[Stored data entries]
···

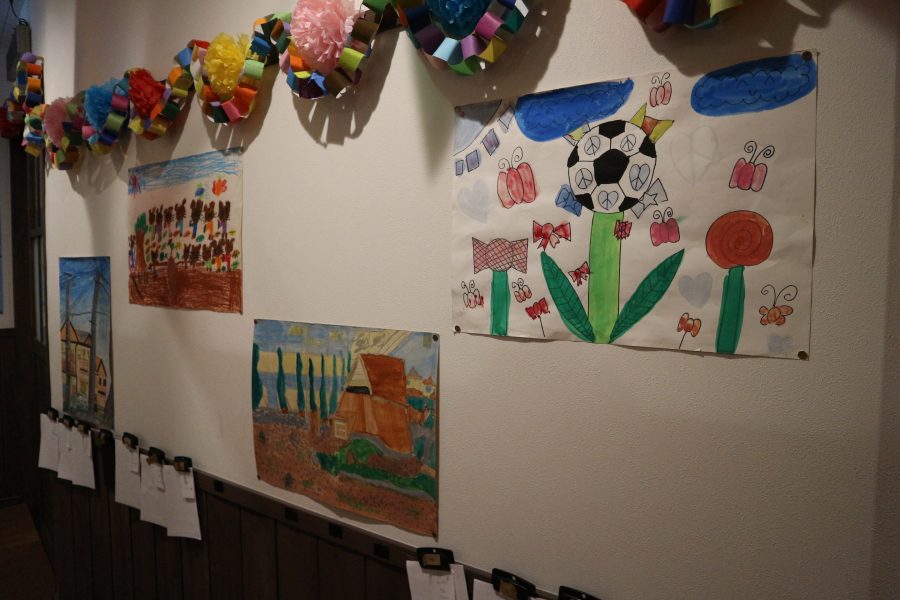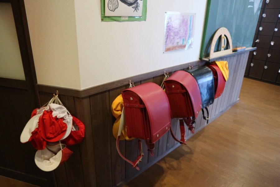 先生が迎えに来てくれて、そのまま奥に進んでいくと、下駄箱、黒板やランドセル…
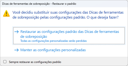 Se um objeto estiver selecionado, as propriedades desse tipo de objeto serão exibidas em uma dica de ferramenta de sobreposição quando o cursor passar sobre um objeto do mesmo tipo. Limpe a marca de seleção ao lado de um tipo de objeto para remover o suporte para esse tipo de objeto das dicas de ferramentas de sobreposição.
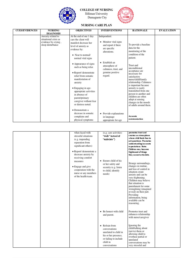 Ncp Situational Low Self Esteem Stress Biology Medical from imgv2-1-f.scribdassets.com Savesave nursingcrib.com nursing care plan mild anxiety for later. Nursing care plan for anxiety and panic. The nurse will evaluate patient relaxation. A feeling of apprehension caused by anticipation of danger. Nursing care plan for anxiety with rationales. Stress and anxiety nursing care plan & management. Download as pdf, txt or read online from scribd. Know the nursing interventions and rationales.
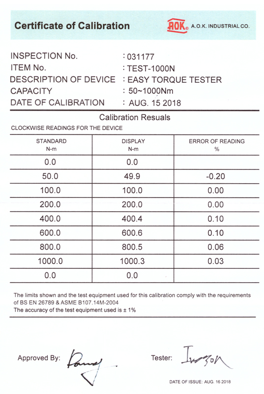 Tork test cihazı fabrikadan In-House kalibrasyon belgesi ile sevk edilir. Her cihaz tek tek kalite kontrolden geçirilir ve BS7882:2008 standartına göre kalibrasyon edilir. Kalibrasyon belgesi sevkiyat içeriğinde yer almaktadır.
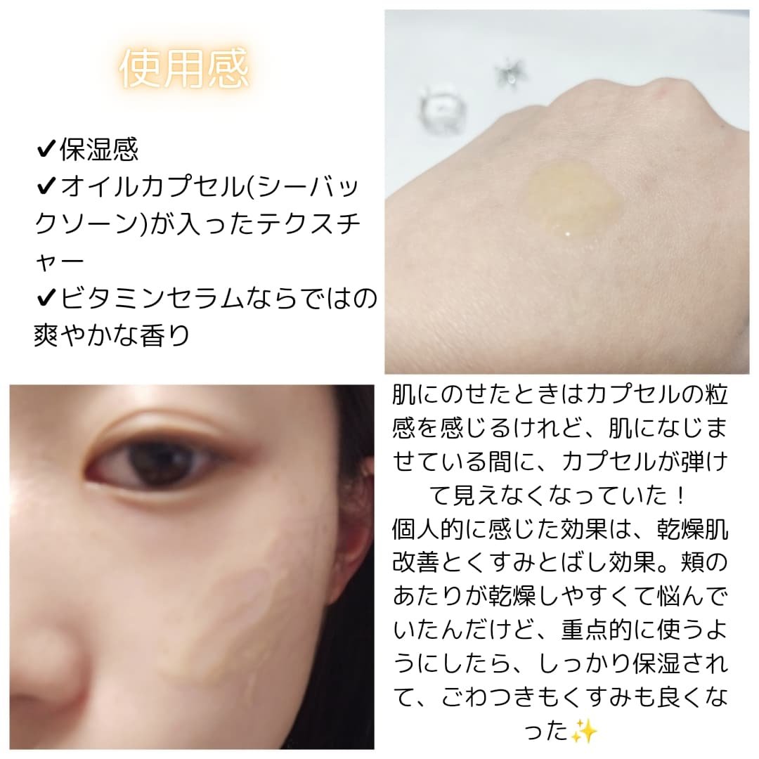 敏感で元気を失ったお肌にアプローチ オイルカプセルが弾けてシミケアにもぴったりなアンプル ビタコラーゲン+シーバックソーンオイルカプセルが二重保湿膜の形状で保湿してくれます とろりとしてるけど肌に馴染ませるとみずみずしいテクスチャー 柑橘系のさっぱりしたいい香り🍋

···

- ABOUT THIS TASK
In the copy, include each entry exactly as written and none of the pictures.

- YOUR SOLUTION
 先生が迎えに来てくれて、そのまま奥に進んでいくと、下駄箱、黒板やランドセル…
 Se um objeto estiver selecionado, as propriedades desse tipo de objeto serão exibidas em uma dica de ferramenta de sobreposição quando o cursor passar sobre um objeto do mesmo tipo. Limpe a marca de seleção ao lado de um tipo de objeto para remover o suporte para esse tipo de objeto das dicas de ferramentas de sobreposição.
 Ncp Situational Low Self Esteem Stress Biology Medical from imgv2-1-f.scribdassets.com Savesave nursingcrib.com nursing care plan mild anxiety for later. Nursing care plan for anxiety and panic. The nurse will evaluate patient relaxation. A feeling of apprehension caused by anticipation of danger. Nursing care plan for anxiety with rationales. Stress and anxiety nursing care plan & management. Download as pdf, txt or read online from scribd. Know the nursing interventions and rationales.
 Tork test cihazı fabrikadan In-House kalibrasyon belgesi ile sevk edilir. Her cihaz tek tek kalite kontrolden geçirilir ve BS7882:2008 standartına göre kalibrasyon edilir. Kalibrasyon belgesi sevkiyat içeriğinde yer almaktadır.
 敏感で元気を失ったお肌にアプローチ オイルカプセルが弾けてシミケアにもぴったりなアンプル ビタコラーゲン+シーバックソーンオイルカプセルが二重保湿膜の形状で保湿してくれます とろりとしてるけど肌に馴染ませるとみずみずしいテクスチャー 柑橘系のさっぱりしたいい香り🍋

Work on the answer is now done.